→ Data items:

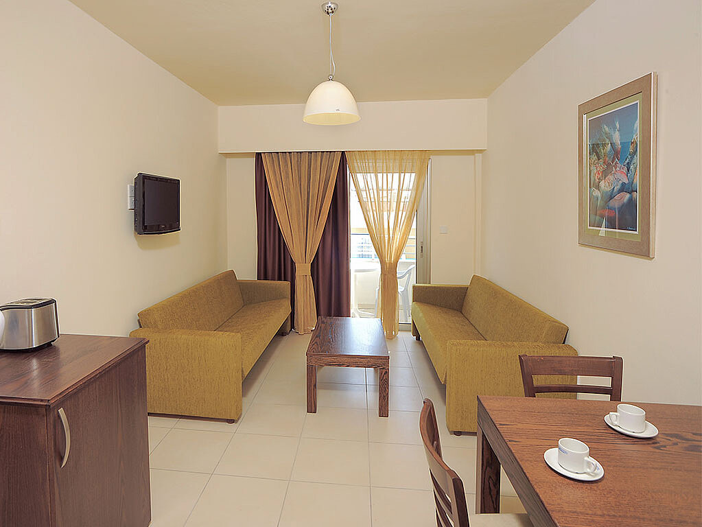 Vil du ud at se dig lidt omkring på ferien, så er der restauranter og butikker i det nærmeste centrum, som ligger cirka 60 meter fra hotellet. Tag også en lidt længere tur og oplev alt det, Ayia Napa har at byde på af madoplevelser, natlig underholdning, glitrende badebugter og shopping.
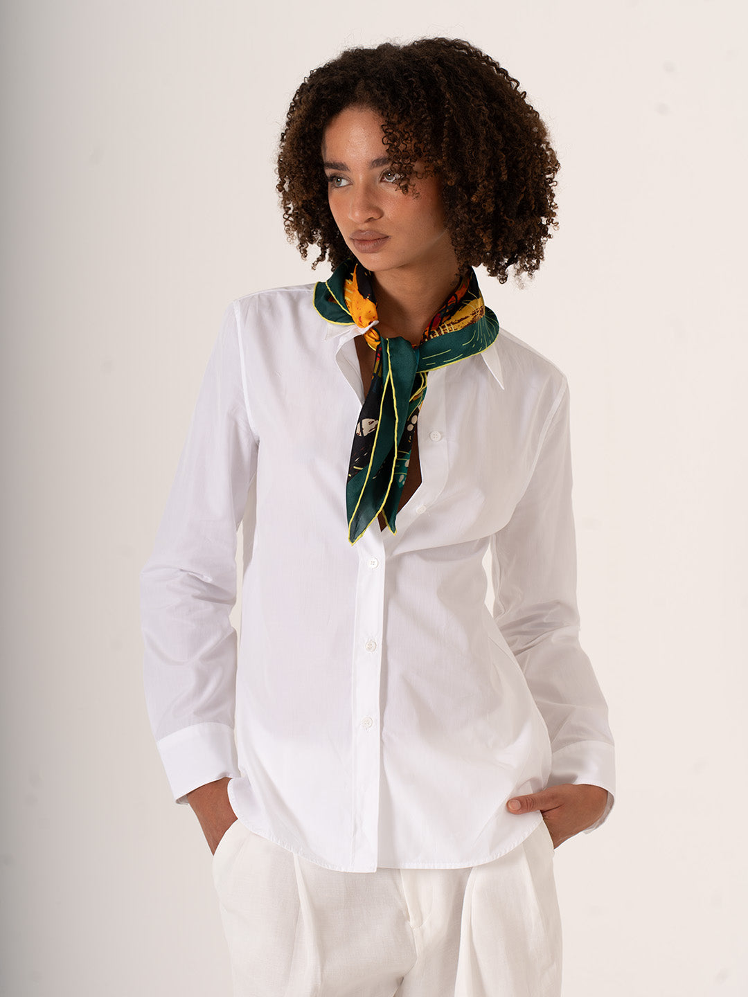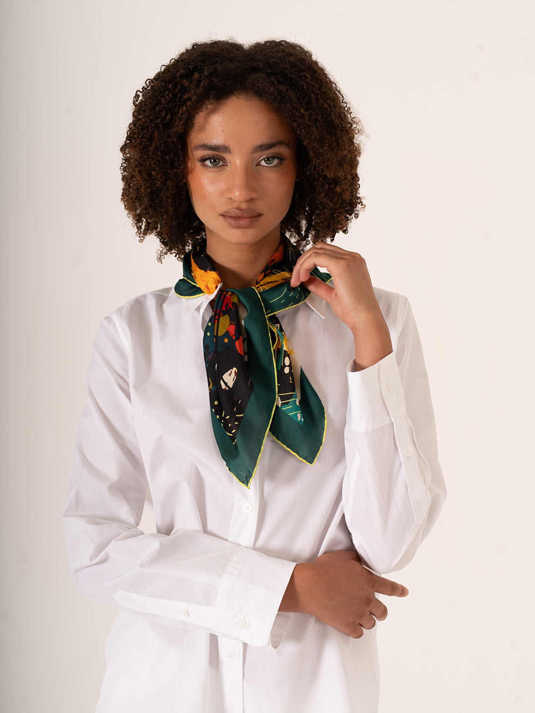 68x68 cm ölçüsündeki boyutuyla ister boynunuzda, ister saçınızda, ister çantanızda kullanabileceğiniz çok yönlü bir parçadır. Hafif alfa silk kumaşı ise dökümlü yapısı ve ipeksi dokusuyla gün boyu konfor sağlar.
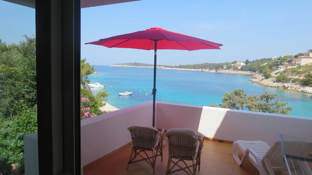 Balkon mit wunderschönem Meerblick. Am Strand.
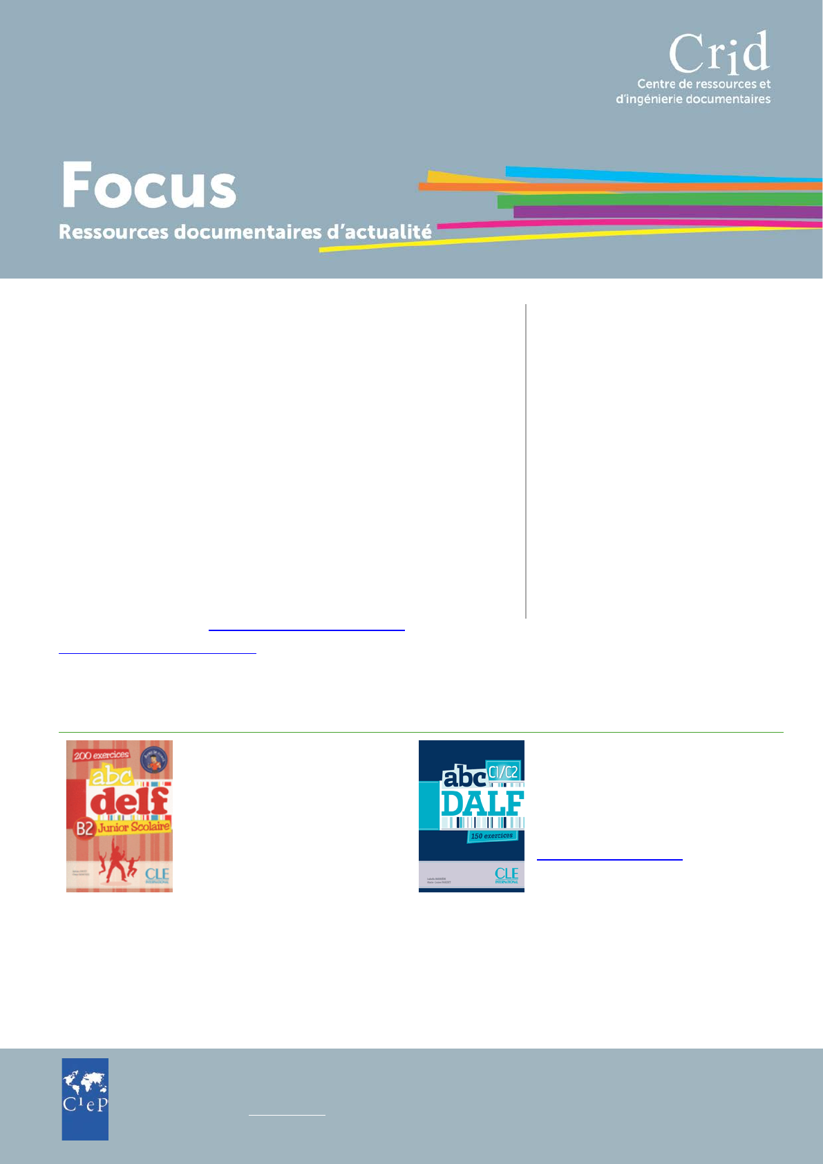 CENTRE INTERNATIONAL D’ÉTUDES PÉDAGOGIQUES Centre de ressources et d’ingénierie documentaires Rédactrice : Sol Inglada : inglada@ciep.fr - Téléphone : 33 (0)1 45 07 60 84 WWW.ciep.fr Ressources pour se préparer aux diplômes DELF – DALF Janvier 2016 Ce focus s'adresse aux candidats qui souhaitent s’entraîner pour passer les diplômes DELF-DALF, aux enseignants de FLE, aux formateurs DELF-DALF, ainsi qu’aux responsables des centres d'examen. Il recense les livres d’éditeurs français d’entraînement à ces diplômes et des sites internet qui proposent des exemples d’épreuves de production orale et écrite, des exemples de calibrage, des exemples de sujets ainsi que des sites avec des activités pour s'entraîner. Les ouvrages sont classés du plus récent au plus ancien. Ce focus est en ligne : http://www.ciep.fr/produits- documentaires/focus-publies NOUVEAUTÉS ÉDITORIALES 2015 PAYET Adrien , SANCHEZ Claire ABC DELF junior scolaire B2 CLE international, 2015, 207 p. + 47 p. + 1 DVD-rom BARRIERE Isabelle , PARIZET Marie- Louise Abc DALF C1/C2 : 150 exercices CLE international, 2015, 327 p. + 1 CD mp3 Feuilleter des extraits Sommaire Livres 2 DELF prim ........................................... 2 DELF scolaire et junior ...................... 3 DELF -dalf tout public ........................ 7 Sur internet 12 Exemples de sujets .......................... 12 Exercices pour s’entraîner ............... 12 Exemples d'épreuves de production orale et écrite .................................. 13 Exemples de calibrage d'une production orale .............................. 13 http://www.ciep.fr/produits-documentaires/focus-publies http://www.ciep.fr/produits-documentaires/focus-publies http://www.cle-inter.com/detail-9782090381795.html Focus Ressources pour se préparer aux diplômes DELF – DALF janvier 2016 2 LIVRES DELF Prim DELF Prim A1.1-A1 LAUNAY Maud, MARTY Roselyne DELF Prim A1 : livre de l'élève Hachette FLE, 2014, 96 p. Feuilleter des extraits BOLARD Claire, GILARDIN Catherine DELF Prim A1 : livre de l’élève CLE international, 2010, 127 p. + 24 p. + 1 CD audio Feuilleter des extraits DUPLEIX Dorothée, TAGLIANTE Christine Réussir le DELF Prim A1.1 - A1 Didier, 2010, 95 p. Feuilleter des extraits DUPLEIX Dorothée, TAGLIANTE Christine Réussir le DELF Prim A1.1 - A1 : guide pédagogique Didier, 2010, 47 p. + 1 CD audio http://www.hachettefle.com/ouvrages/pages/catalogue/fiche-livre/delf-prim-a1---livre-de-l-eleve---cd-audio-1559665.html http://www.cle-inter.com/detail-9782090380101.html http://www.editionsdidier.com/article/reussir-le-delf-prim-a1-a1-1-livre-2010/ Focus Ressources pour se préparer aux diplômes DELF – DALF janvier 2016 3 DELF scolaire et junior DELF scolaire et junior A1 CHAPIRO Lucile, PAYET Adrien Abc DELF junior scolaire : A1 CLE international, 2013, 176 p. + 1 DVD-ROM Feuilleter des extraits LIRIA Philippe, SIGE Jean-Paul En route vers... le DELF A1 scolaire et junior Editions Maison des Langues, 2011, 127 p. + 1 CD audio Feuilleter des extraits GODARD Emmanuel, LIRIA Philippe, SIGE Jean-Paul En route vers... le DELF A1 scolaire et junior : guide du professeur Editions Maison des Langues, 2010, 47 p. + 1 CD rom DUPUY Marjolaine, HOUSSA Catherine Réussir le DELF scolaire et junior A1 Didier, 2009, 128 p. + 1 CD audio Feuilleter des extraits DUPUY Marjolaine, HOUSSA Catherine Réussir le DELF scolaire et junior A1 : guide pédagogique Didier, 2009, 48 p. JAMET Marie-Christine DELF scolaire et junior A1 Hachette FLE, 2006, 128 p. + 1 CD audio https://www.cle-inter.com/detail-9782090381764.html http://www.emdl.fr/fle/collection/examens/0/en-route-vers-le-delf-scolaire-et-junior/reference/en-route-vers-le-delf-a1-scolaire-et-junior-livre-de-leleve/ http://www.editionsdidier.com/article/reussir-le-delf-scolaire-et-junior-a1-2009-livre-cd/ Focus Ressources pour se préparer aux diplômes DELF – DALF janvier 2016 4 DELF scolaire et junior A2 CHAPIRO Lucile, PAYET Adrien, SALLES Virginie Abc DELF junior scolaire A2 CLE international, 2012, 160 p. + 1 DVD-rom + 1 livret (32 p.) Feuilleter des extraits GODARD Emmanuel, LIRIA Philippe, SIGE Jean-Paul En route vers... le DELF A2 scolaire et junior Editions Maison des Langues, 2010, 127 p. + 1 CD audio Feuilleter des extraits GODARD Emmanuel, LIRIA Philippe, SIGE Jean-Paul En route vers... le DELF A2 scolaire et junior : guide du professeur Editions Maison des Langues, 2010, 48 p. + 1 CD audio Feuilleter des extraits MEGRE Bruno, MONIER Mélanie Réussir le DELF scolaire et junior A2 Didier, 2009, 126 p. + 1 CD audio Feuilleter des extraits MEGRE Bruno, MONIER Mélanie Réussir le DELF scolaire et junior A2 : guide pédagogique Didier, 2009, 48 p. JAMET Marie-Christine, CHANTELAUVE Odile DELF scolaire et junior A2 Hachette FLE, 2006, 127 p. + 1 livret (corrigés) + 1 CD audio http://www.cle-inter.com/detail-9782090381771.html http://www.emdl.fr/fle/collection/examens/0/en-route-vers-le-delf-scolaire-et-junior/reference/en-route-vers-le-delf-a2-scolaire-et-junior-livre-de-leleve/ http://www.emdl.fr/fle/collection/examens/0/en-route-vers-le-delf-scolaire-et-junior/reference/en-route-vers-le-delf-a2-scolaire-et-junior-guide-du-professeur/ http://www.editionsdidier.com/article/reussir-le-delf-scolaire-et-junior-a2-2009-livre-cd/ Focus Ressources pour se préparer aux diplômes DELF – DALF janvier 2016 5 DELF scolaire et junior B1 PAYET Adrien, SALLES Virginie Abc DELF junior scolaire B1 CLE international, 2012, + 1 DVD rom Feuilleter des extraits GODARD Emmanuel, LIRIA Philippe, SIGE Jean-Paul, et al. En route vers... le DELF B1 scolaire et junior Editions Maison des Langues, 2011, 141 p. + 1 CD audio Feuilleter des extraits GODARD Emmanuel, LIRIA Philippe, SIGE Jean-Paul En route vers... le DELF B1 scolaire et junior : guide du professeur Editions Maison des Langues, 2011, 56 p. + 1 CD audio LEPAGE Sylvie, MARTY Roseline Réussir le DELF scolaire et junior B1 Didier, 2009, 128 p. + 1 CD a
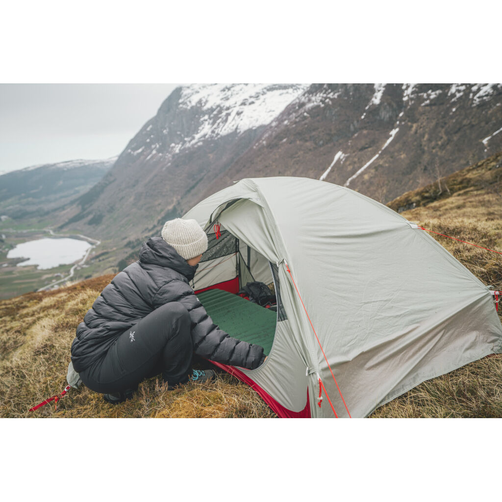 | Tältduk | Hydrotex NRS-T, 20D nylon 380T, ripstop-nylon med silikonbelagt utside og PU-belagt innside. |
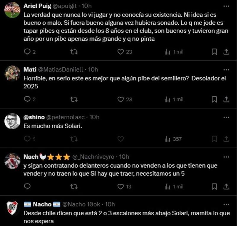 La mayoría de las comparaciones apuntan a Pablo Solari, el último jugador que saltó directamente desde el fútbol chileno a River Plate, y aunque por ahora la expectativa no es mucha con él, no son pocos los que prefieren esperar y ver cómo resulta esta apuesta.
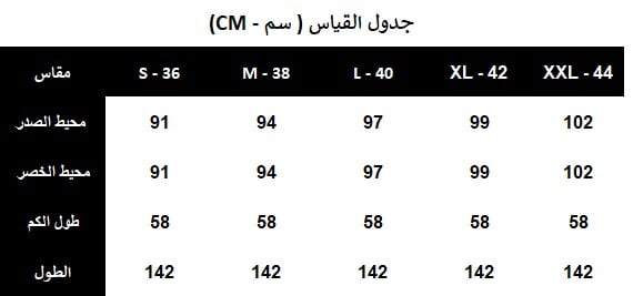 يغسل ويكوى بالبخار بدرجة حرارة منخفضة 40 درجة مئوية، ويُجفف بالتعليق
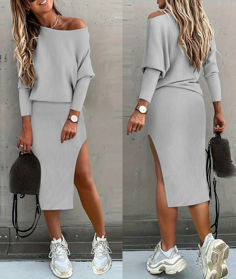 Kadın Uzun Kollu Düşük Omuz Yırtmaç Detay Kaşkorse Etek Bluz Ikili Takım
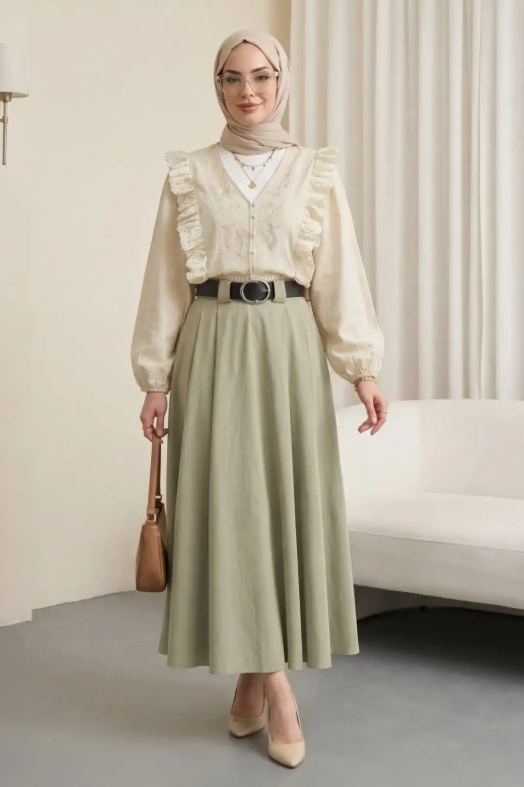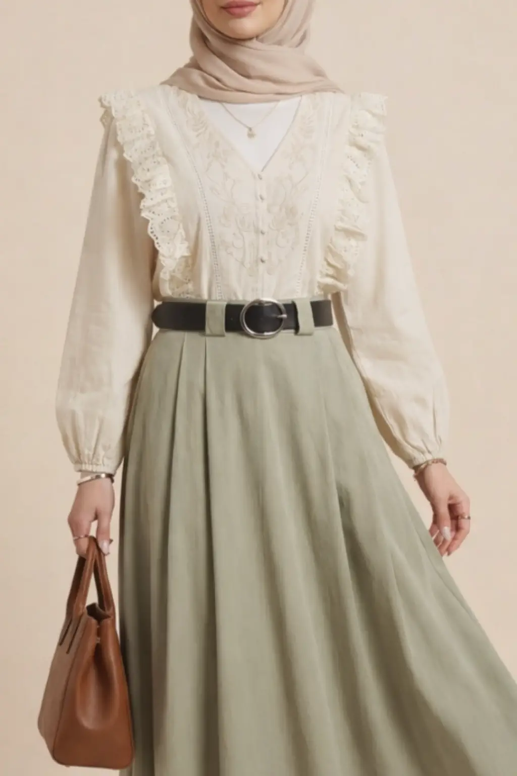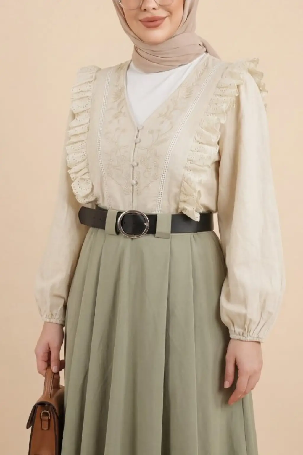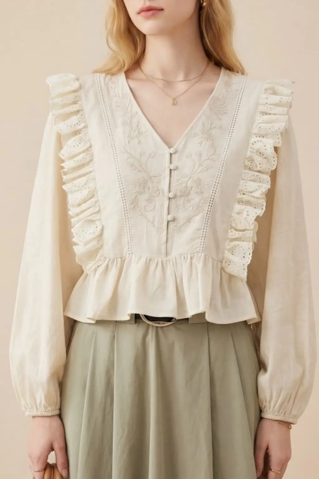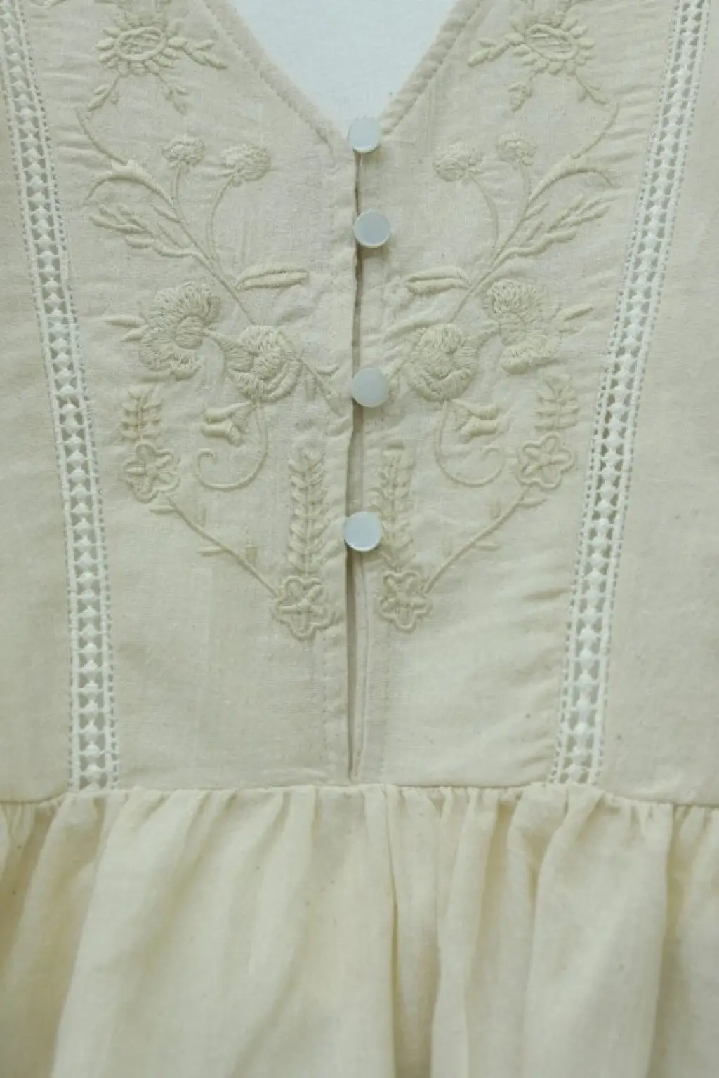 V Yaka Dantel Detaylı Nakışlı Balon Kol Keten Gömlek -Bej

→ Exercise:
Look above for the line with "68x68 cm ölçüsündeki" and the line with "Balkon mit wunderschönem", then restate exactly those two lines and all lines between them, with no pictures.

→ Answer box:
 68x68 cm ölçüsündeki boyutuyla ister boynunuzda, ister saçınızda, ister çantanızda kullanabileceğiniz çok yönlü bir parçadır. Hafif alfa silk kumaşı ise dökümlü yapısı ve ipeksi dokusuyla gün boyu konfor sağlar.
 Balkon mit wunderschönem Meerblick. Am Strand.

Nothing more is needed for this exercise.